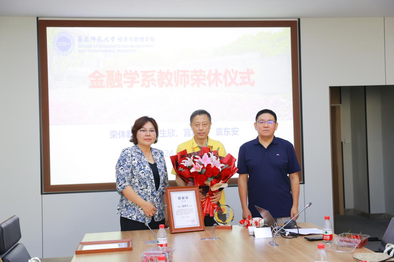 2024年7月1日上午,bat365在线体育登录在理科大楼A508为金融学系冉生欣、宫峰飞和袁东安三位教师举办温馨而隆重的荣休仪式。bat365在线体育登录党委书记岳华、院长殷德生、党委副书记赵庆、副院长杨连星、金融学系教师及学生代表20余人通过线上线下相结合的方式,出席了此次荣休仪式,对三位老师的职业生涯深情致敬。
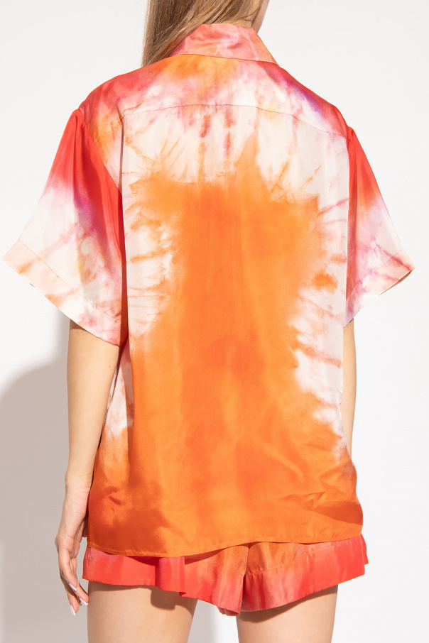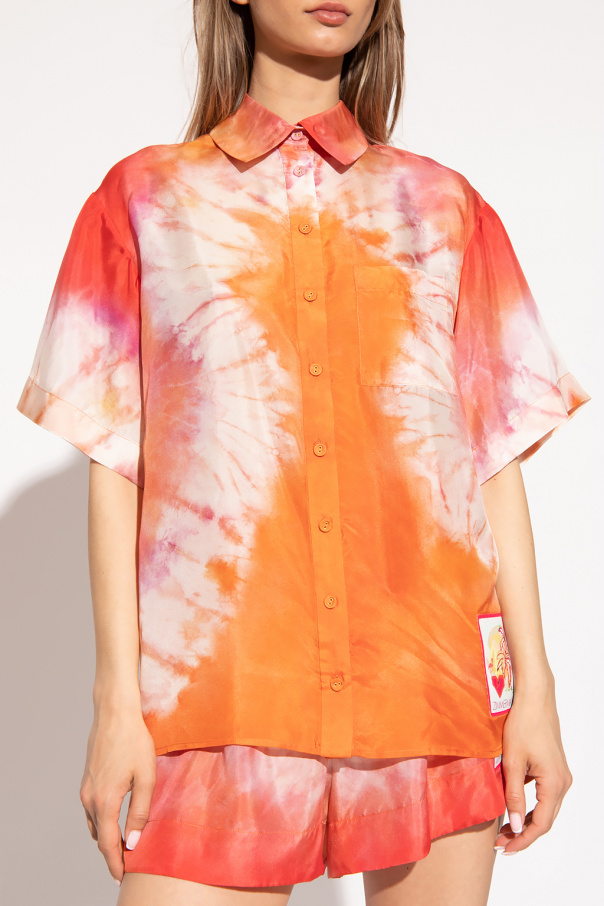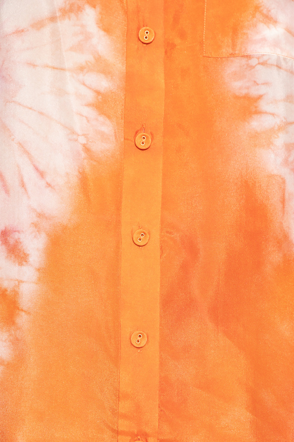 Orange shirt with short sleeves from Zimmermann. Made of silk, this garment is enriched by button fastenings, multicolored tie-dye effect, logo patch and one slip pocket.
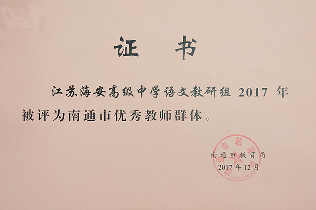 祝贺我校语文教研组2017年被评为南通市优秀教师群体
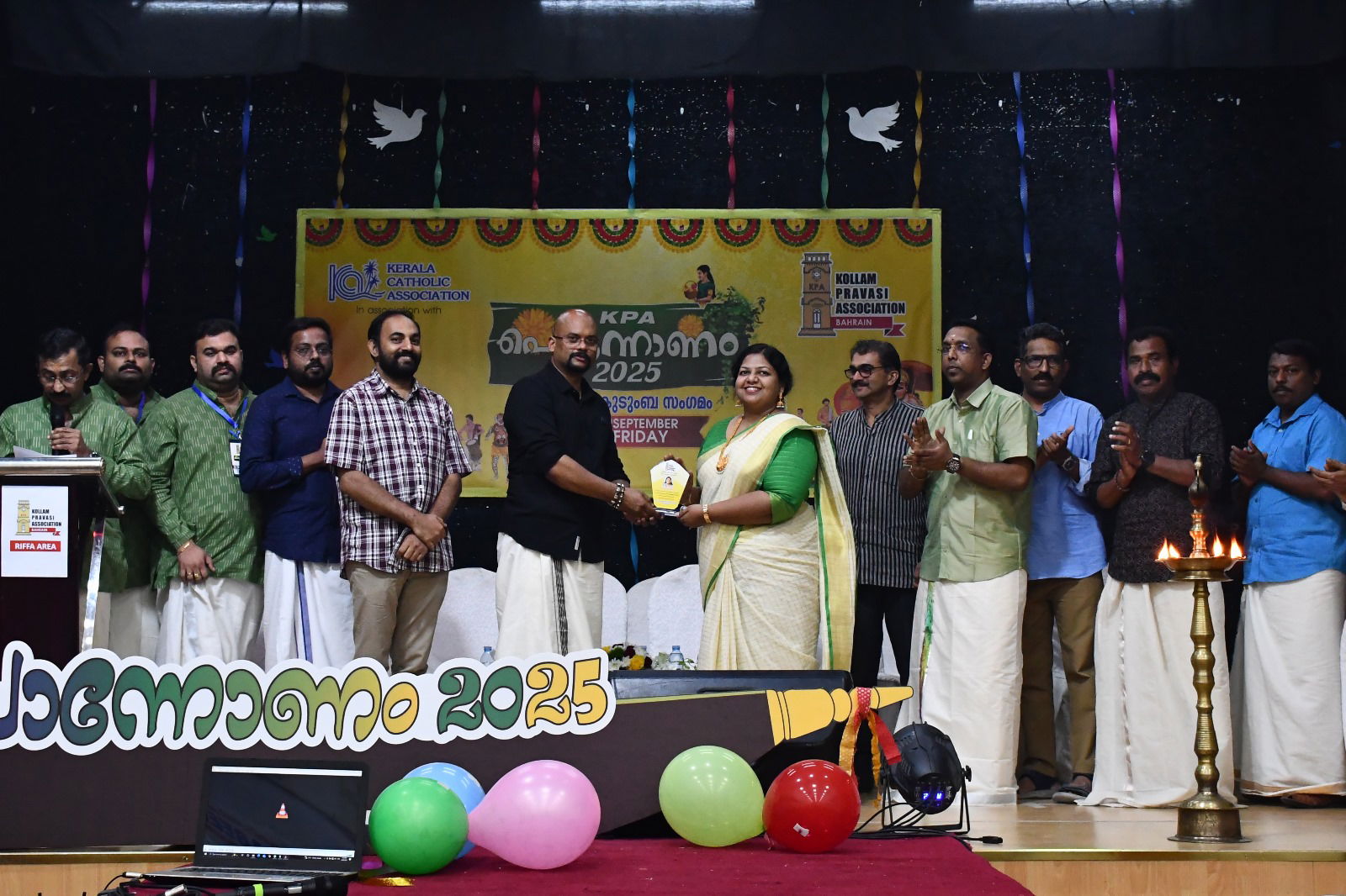 കെ.പി.എ പ്രസിഡന്റ് അനോജ് മാസ്റ്റര് ഉദ്ഘാടനം ചെയ്ത കെ പി എ പൊന്നോണം 2025 ചടങ്ങില് ബഹറിനിലെ പ്രമുഖ മാധ്യമപ്രവര്ത്തകനും ഫോര് പി എം ന്യൂസ് എക്സിക്യൂട്ടീവ് എഡിറ്റര് കൂടിയായ പ്രദീപ് പുറവങ്കര മുഖ്യഅതിഥിയായും കെ. സി. എ ജനറല് സെക്രട്ടറി വിനു ക്രിസ്ടി,, ബഹ്റൈന് മീഡിയ സിറ്റി ചെയര്മാനും സാമൂഹിക പ്രവര്ത്തകനുമായ ഫ്രാന്സിസ് കൈതാരത്ത് എന്നിവര് വിശിഷ്ട അതിഥിയായി പങ്കെടുത്തു. കേരളീയ പാരമ്പര്യവും സംസ്കാരവും വിദേശമണ്ണില് നിലനിര്ത്താന് ഇത്തരം പരിപാടികള് വലിയ പങ്കുവഹിക്കുന്നുണ്ടെന്നും അതുപോലെ തന്നെ ഏരിയ അംഗങ്ങള് തമ്മില് പരിചയപ്പെടുവാനും, ബന്ധങ്ങള് കൂടുതല് ദൃഢമാക്കുവാനും ഉള്ള അവസരം ഇങ്ങനെയുള്ള ആഘോഷ പരിപാടികള് സഹായിക്കുമെന്നും കെ പി എ പ്രസിഡന്റ് പറഞ്ഞു.
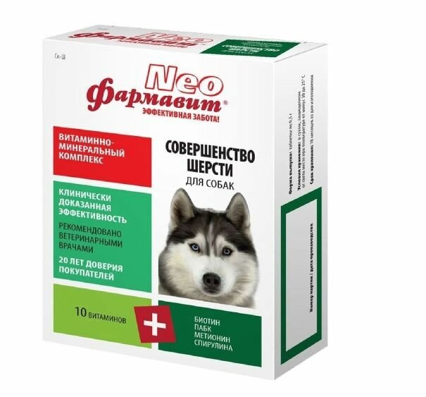 Фармавит Neo Витамины для собак кормовая добавка Совершенство шерсти 1910, 90 таб, 9 уп: сравнение цен, характеристики, фото, актуальное наличие и цены.

Goal of the exercise: Only one thing is wanted here, an exact copy of the lines from the first line above through the line containing "祝贺我校语文教研组2017年被评为南通市优秀教师群体", minus any picture.

Written answer:
 2024年7月1日上午,bat365在线体育登录在理科大楼A508为金融学系冉生欣、宫峰飞和袁东安三位教师举办温馨而隆重的荣休仪式。bat365在线体育登录党委书记岳华、院长殷德生、党委副书记赵庆、副院长杨连星、金融学系教师及学生代表20余人通过线上线下相结合的方式,出席了此次荣休仪式,对三位老师的职业生涯深情致敬。
 Orange shirt with short sleeves from Zimmermann. Made of silk, this garment is enriched by button fastenings, multicolored tie-dye effect, logo patch and one slip pocket.
 祝贺我校语文教研组2017年被评为南通市优秀教师群体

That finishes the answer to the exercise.